→ Data excerpts
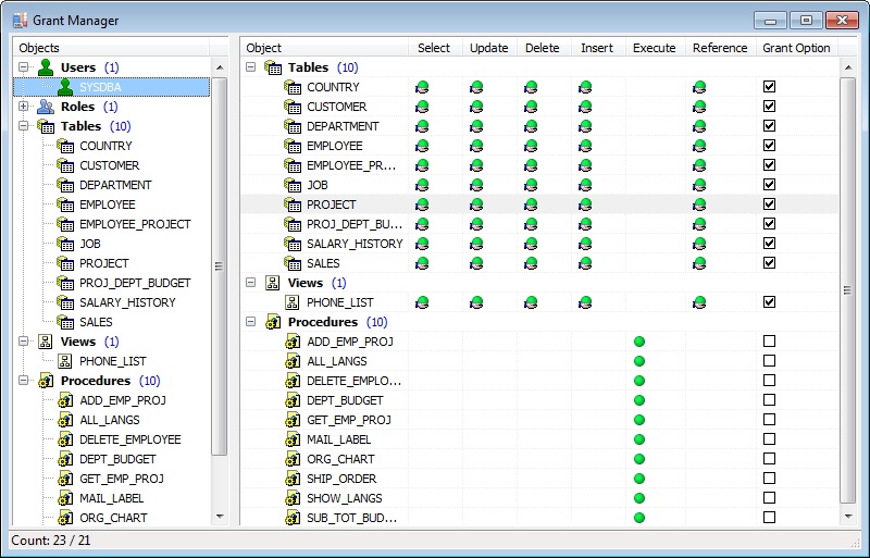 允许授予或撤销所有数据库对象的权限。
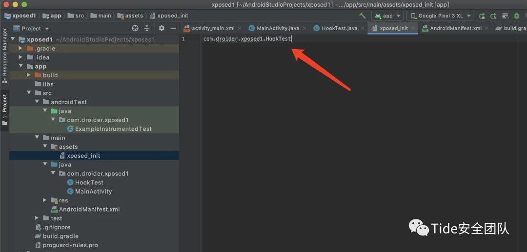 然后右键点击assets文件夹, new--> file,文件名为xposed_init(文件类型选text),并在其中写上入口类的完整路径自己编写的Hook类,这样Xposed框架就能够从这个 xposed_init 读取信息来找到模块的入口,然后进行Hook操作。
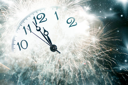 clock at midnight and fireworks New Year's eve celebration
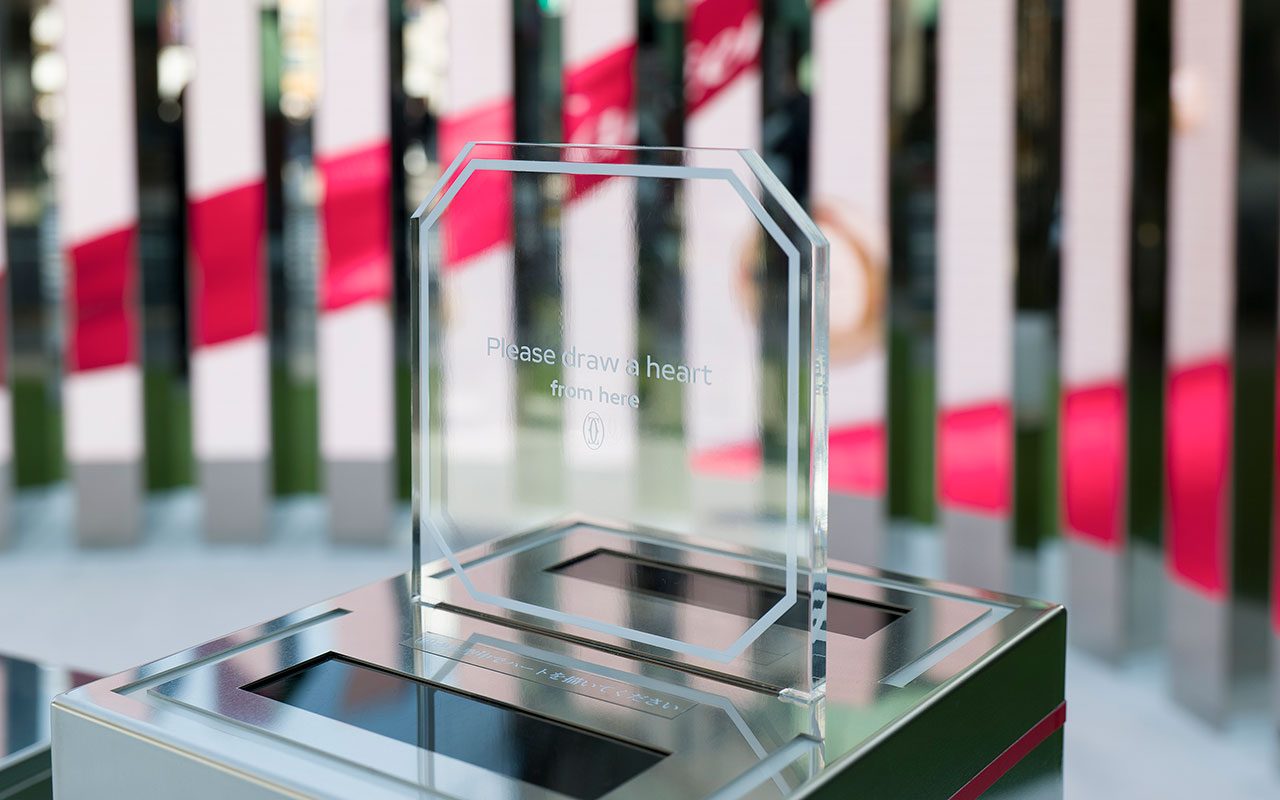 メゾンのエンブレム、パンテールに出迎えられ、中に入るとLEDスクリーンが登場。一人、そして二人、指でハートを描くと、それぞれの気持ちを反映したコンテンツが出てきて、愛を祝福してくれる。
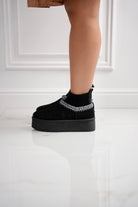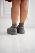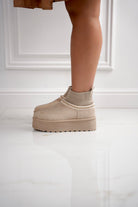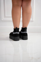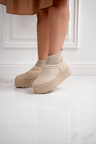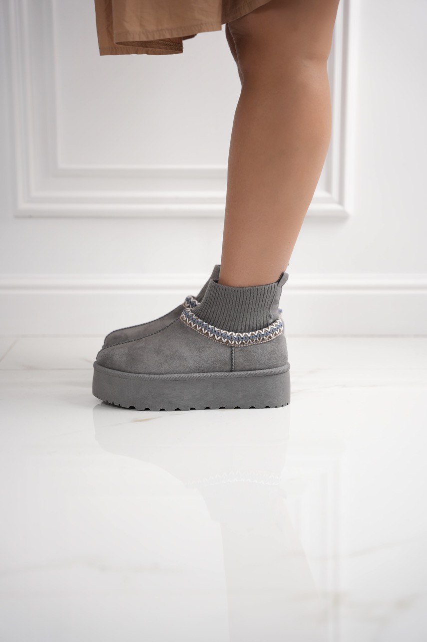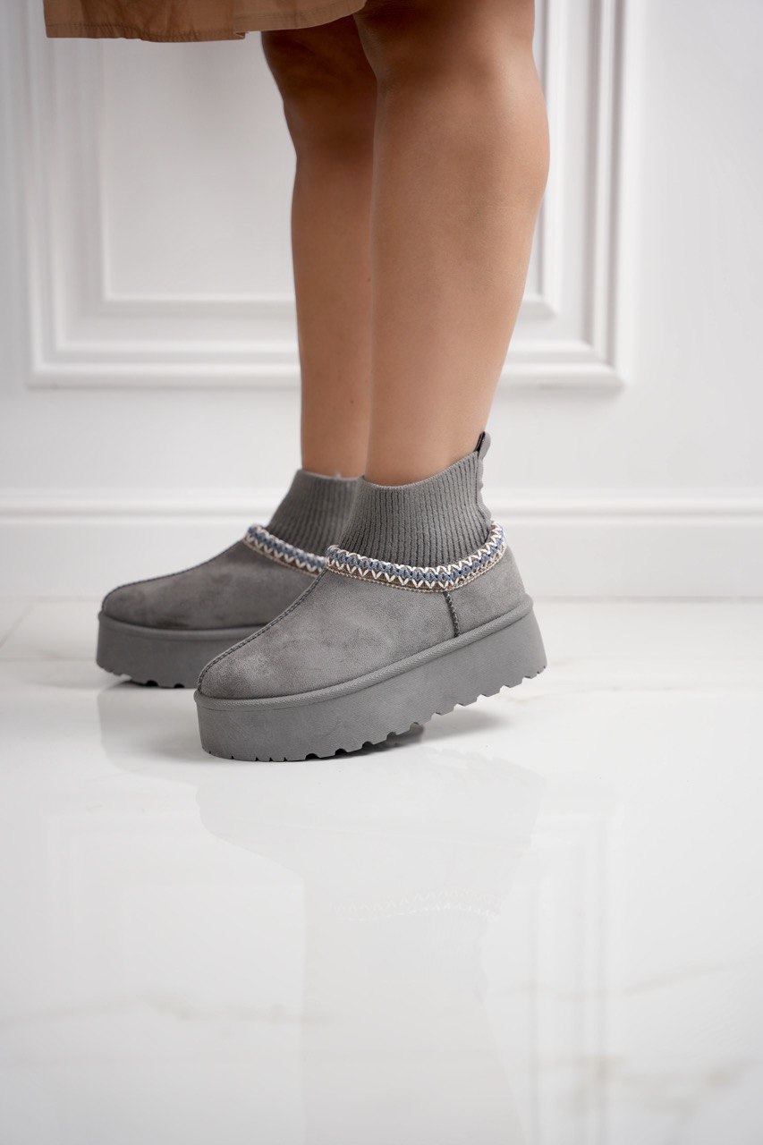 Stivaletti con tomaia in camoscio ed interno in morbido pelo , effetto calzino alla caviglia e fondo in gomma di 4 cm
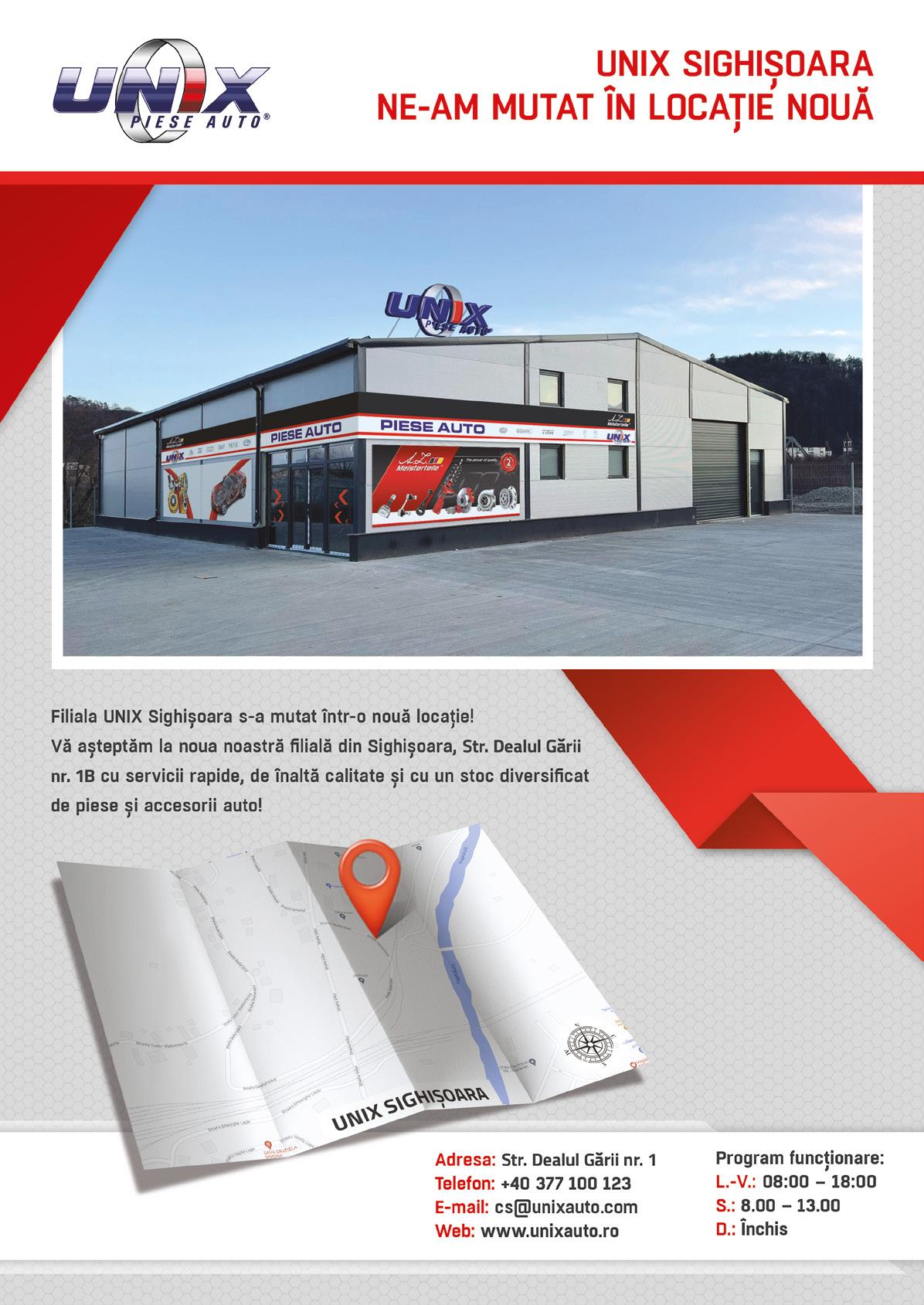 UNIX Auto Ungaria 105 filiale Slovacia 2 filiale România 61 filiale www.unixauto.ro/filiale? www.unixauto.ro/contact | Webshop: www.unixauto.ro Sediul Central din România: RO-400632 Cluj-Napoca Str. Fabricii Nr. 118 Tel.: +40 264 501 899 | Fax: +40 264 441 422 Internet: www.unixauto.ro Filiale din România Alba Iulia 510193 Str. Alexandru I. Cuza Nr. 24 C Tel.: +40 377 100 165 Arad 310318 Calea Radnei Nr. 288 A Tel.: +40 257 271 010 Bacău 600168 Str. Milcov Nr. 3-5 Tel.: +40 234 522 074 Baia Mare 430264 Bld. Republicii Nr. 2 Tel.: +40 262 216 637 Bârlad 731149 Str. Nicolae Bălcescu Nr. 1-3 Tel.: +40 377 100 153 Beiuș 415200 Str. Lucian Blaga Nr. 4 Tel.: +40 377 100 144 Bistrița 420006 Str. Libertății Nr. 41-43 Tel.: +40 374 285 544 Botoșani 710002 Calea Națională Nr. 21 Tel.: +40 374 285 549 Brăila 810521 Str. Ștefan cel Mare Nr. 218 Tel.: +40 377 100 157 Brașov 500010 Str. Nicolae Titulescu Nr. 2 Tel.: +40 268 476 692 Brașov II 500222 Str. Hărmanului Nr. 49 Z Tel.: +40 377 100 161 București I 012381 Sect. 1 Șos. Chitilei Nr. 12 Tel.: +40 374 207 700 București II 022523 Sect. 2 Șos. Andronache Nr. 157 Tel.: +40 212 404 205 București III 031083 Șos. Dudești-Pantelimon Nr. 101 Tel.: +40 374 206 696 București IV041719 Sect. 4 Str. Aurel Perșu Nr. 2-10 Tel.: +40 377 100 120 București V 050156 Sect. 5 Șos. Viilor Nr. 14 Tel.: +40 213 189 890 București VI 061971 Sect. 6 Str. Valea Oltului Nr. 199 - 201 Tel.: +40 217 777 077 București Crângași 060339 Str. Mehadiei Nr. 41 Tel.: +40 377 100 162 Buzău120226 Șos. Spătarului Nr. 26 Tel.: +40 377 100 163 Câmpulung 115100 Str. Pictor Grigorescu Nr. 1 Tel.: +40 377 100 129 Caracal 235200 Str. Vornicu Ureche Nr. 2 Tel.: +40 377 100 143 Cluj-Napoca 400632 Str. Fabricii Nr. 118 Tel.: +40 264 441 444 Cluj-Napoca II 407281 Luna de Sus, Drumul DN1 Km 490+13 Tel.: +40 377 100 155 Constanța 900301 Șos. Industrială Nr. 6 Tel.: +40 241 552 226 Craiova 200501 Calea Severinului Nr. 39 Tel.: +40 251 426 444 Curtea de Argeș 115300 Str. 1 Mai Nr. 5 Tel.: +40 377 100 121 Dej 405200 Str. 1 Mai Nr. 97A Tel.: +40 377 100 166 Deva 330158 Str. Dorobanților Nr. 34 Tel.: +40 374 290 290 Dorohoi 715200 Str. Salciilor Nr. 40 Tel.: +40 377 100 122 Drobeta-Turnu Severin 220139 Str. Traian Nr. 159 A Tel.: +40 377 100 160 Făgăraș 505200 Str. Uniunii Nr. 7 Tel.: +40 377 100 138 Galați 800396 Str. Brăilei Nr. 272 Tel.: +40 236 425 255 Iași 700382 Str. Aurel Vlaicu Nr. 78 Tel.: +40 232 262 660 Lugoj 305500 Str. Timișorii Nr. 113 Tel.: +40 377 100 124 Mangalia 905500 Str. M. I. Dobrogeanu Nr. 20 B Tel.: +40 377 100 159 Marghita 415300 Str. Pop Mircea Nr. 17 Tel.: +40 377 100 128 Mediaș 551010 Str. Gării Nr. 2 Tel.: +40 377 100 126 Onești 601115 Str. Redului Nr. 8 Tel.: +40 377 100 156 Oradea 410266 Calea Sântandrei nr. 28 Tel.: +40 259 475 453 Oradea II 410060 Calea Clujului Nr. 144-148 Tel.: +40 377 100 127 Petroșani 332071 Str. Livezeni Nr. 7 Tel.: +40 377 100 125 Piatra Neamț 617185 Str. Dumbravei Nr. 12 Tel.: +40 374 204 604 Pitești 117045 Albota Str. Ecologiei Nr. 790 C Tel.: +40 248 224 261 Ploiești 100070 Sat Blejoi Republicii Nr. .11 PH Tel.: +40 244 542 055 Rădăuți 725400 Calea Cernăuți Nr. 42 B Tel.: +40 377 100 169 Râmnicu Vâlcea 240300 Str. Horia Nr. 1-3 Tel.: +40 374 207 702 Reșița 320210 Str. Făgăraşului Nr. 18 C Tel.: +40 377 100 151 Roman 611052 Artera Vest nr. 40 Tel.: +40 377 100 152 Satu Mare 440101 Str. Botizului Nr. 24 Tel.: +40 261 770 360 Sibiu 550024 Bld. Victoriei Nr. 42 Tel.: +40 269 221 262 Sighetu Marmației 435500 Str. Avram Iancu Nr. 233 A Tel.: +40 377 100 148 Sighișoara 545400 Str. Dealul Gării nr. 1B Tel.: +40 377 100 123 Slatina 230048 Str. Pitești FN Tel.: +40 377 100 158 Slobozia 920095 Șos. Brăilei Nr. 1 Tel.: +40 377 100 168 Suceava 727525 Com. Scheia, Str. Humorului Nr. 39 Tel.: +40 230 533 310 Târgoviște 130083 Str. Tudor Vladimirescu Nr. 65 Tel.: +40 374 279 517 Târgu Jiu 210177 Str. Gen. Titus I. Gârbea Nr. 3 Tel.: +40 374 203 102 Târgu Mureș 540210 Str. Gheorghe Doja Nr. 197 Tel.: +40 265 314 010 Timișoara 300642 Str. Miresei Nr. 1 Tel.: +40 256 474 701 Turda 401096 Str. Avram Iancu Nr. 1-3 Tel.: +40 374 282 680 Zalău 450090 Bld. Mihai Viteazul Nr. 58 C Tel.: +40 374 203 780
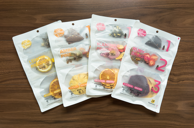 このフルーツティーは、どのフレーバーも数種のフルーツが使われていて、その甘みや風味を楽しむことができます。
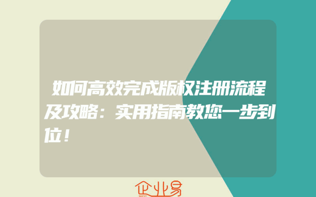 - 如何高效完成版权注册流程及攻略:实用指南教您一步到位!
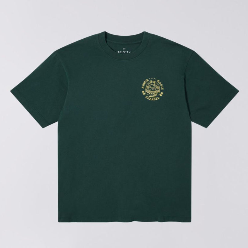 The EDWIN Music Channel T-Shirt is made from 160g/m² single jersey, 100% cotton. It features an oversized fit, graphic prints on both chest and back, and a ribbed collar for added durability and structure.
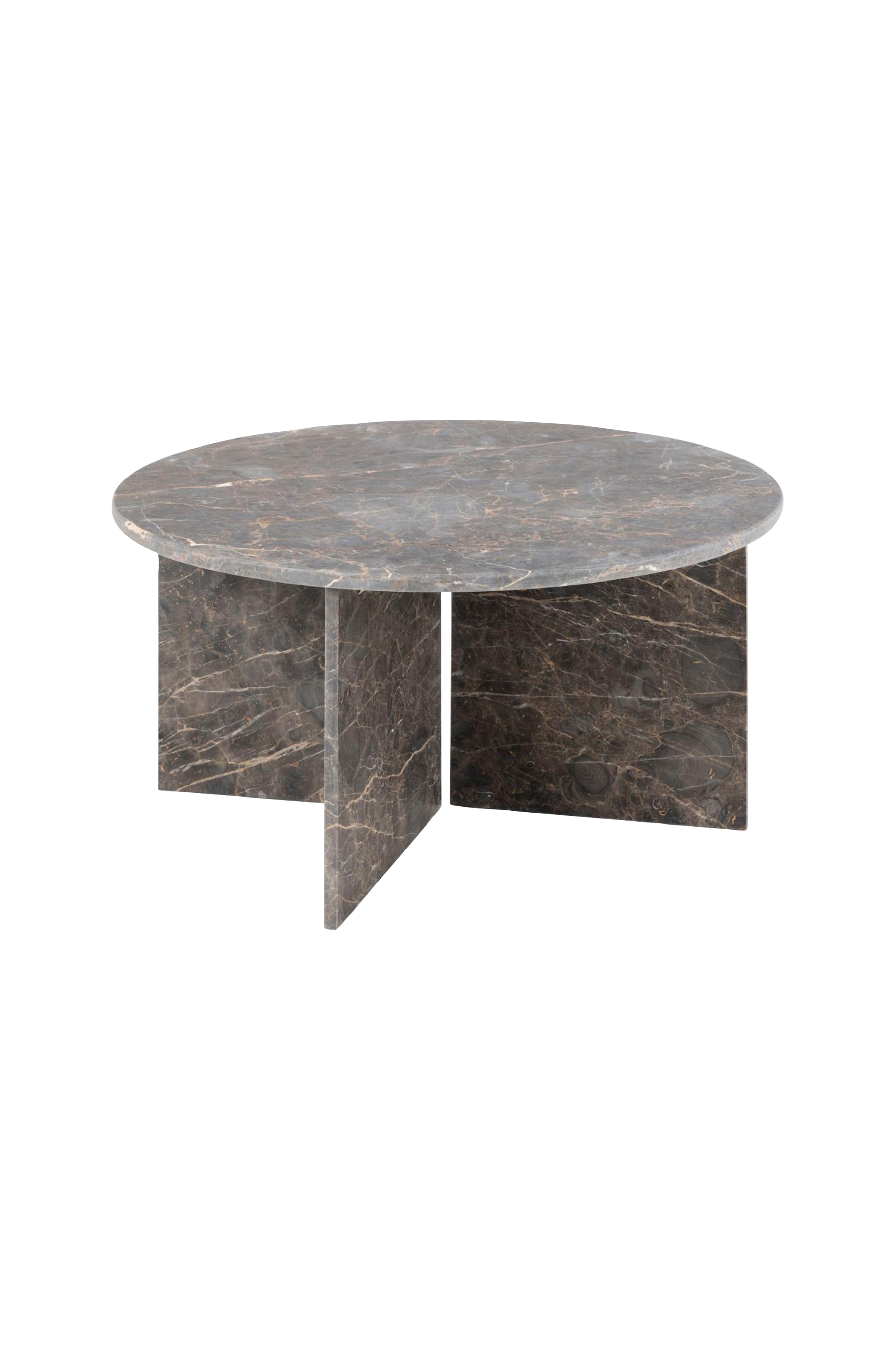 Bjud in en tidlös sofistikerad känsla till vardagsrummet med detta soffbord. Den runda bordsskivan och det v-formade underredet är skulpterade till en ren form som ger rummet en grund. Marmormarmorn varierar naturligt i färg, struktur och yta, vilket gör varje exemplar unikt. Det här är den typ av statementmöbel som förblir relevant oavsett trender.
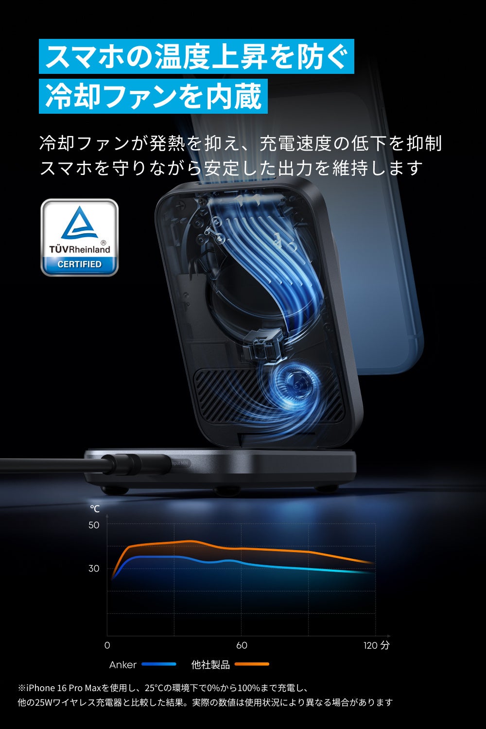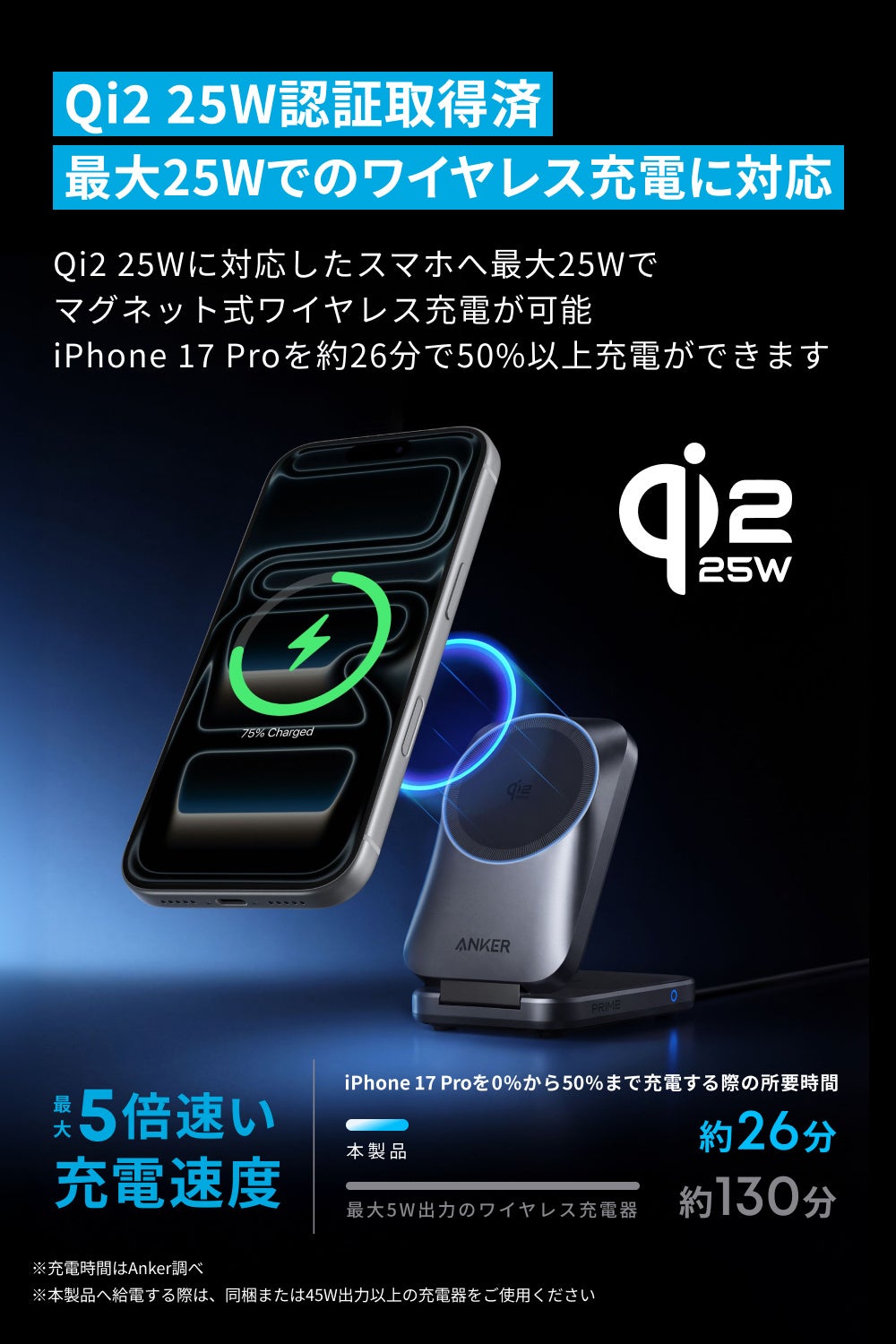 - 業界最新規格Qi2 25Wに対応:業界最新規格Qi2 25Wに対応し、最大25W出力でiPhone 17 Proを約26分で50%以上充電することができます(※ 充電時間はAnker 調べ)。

→ ASSIGNMENT
Starting at the line that contains "このフルーツティーは、どのフ", please write out every line to the end of the entries, inclusive, copied exactly and with pictures omitted.

→ EXPECTED OUTPUT
 このフルーツティーは、どのフレーバーも数種のフルーツが使われていて、その甘みや風味を楽しむことができます。
 - 如何高效完成版权注册流程及攻略:实用指南教您一步到位!
 The EDWIN Music Channel T-Shirt is made from 160g/m² single jersey, 100% cotton. It features an oversized fit, graphic prints on both chest and back, and a ribbed collar for added durability and structure.
 Bjud in en tidlös sofistikerad känsla till vardagsrummet med detta soffbord. Den runda bordsskivan och det v-formade underredet är skulpterade till en ren form som ger rummet en grund. Marmormarmorn varierar naturligt i färg, struktur och yta, vilket gör varje exemplar unikt. Det här är den typ av statementmöbel som förblir relevant oavsett trender.
 - 業界最新規格Qi2 25Wに対応:業界最新規格Qi2 25Wに対応し、最大25W出力でiPhone 17 Proを約26分で50%以上充電することができます(※ 充電時間はAnker 調べ)。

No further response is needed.